▸ **What you need to do**: In this exercise, the entries below include pictures. Repeat exactly the lines from the line with "With five beautifully" to the line with "During the experimental", including both, but without the pictures.

BEGIN Dataset content

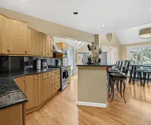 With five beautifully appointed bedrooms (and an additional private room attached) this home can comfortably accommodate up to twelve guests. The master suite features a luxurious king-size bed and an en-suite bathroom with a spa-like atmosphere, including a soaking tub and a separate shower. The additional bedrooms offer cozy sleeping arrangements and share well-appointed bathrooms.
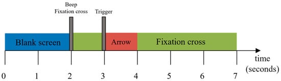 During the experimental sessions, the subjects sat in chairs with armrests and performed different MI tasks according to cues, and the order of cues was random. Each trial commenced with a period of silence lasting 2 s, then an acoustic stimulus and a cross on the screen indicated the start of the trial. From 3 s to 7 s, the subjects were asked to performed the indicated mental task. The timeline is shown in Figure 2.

END Dataset content
BEGIN Dataset content

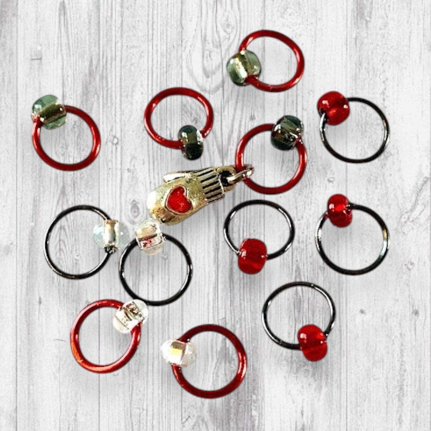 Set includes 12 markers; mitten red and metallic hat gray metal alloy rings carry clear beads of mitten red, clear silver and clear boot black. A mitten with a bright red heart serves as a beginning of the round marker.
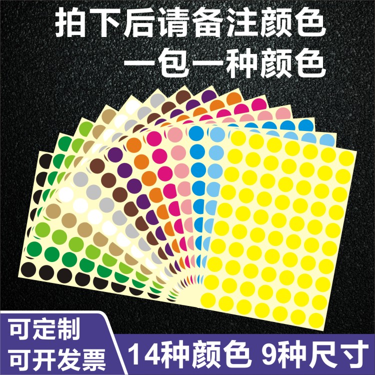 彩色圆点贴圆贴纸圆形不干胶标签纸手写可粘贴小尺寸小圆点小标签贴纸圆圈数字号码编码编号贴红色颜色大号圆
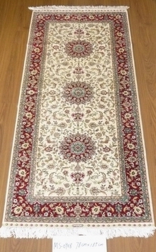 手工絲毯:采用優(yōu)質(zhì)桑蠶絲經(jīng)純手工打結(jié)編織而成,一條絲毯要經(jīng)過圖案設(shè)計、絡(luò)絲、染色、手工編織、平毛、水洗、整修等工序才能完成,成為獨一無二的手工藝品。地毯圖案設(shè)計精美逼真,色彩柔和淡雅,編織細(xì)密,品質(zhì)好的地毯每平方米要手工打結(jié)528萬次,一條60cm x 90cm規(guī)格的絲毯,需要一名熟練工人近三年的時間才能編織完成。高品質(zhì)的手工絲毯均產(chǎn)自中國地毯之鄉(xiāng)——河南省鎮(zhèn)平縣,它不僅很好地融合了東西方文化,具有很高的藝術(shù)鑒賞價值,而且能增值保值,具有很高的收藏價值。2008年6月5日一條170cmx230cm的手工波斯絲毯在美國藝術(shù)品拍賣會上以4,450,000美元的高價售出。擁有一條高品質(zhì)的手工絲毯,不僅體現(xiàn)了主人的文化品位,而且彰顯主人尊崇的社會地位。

END Dataset content
BEGIN Dataset content

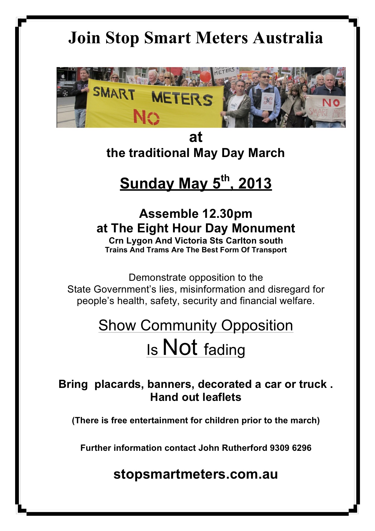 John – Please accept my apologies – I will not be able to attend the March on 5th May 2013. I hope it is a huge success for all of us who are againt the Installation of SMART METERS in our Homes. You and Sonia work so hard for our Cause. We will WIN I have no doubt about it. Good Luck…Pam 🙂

END Dataset content

▸ **Response box**:
 With five beautifully appointed bedrooms (and an additional private room attached) this home can comfortably accommodate up to twelve guests. The master suite features a luxurious king-size bed and an en-suite bathroom with a spa-like atmosphere, including a soaking tub and a separate shower. The additional bedrooms offer cozy sleeping arrangements and share well-appointed bathrooms.
 During the experimental sessions, the subjects sat in chairs with armrests and performed different MI tasks according to cues, and the order of cues was random. Each trial commenced with a period of silence lasting 2 s, then an acoustic stimulus and a cross on the screen indicated the start of the trial. From 3 s to 7 s, the subjects were asked to performed the indicated mental task. The timeline is shown in Figure 2.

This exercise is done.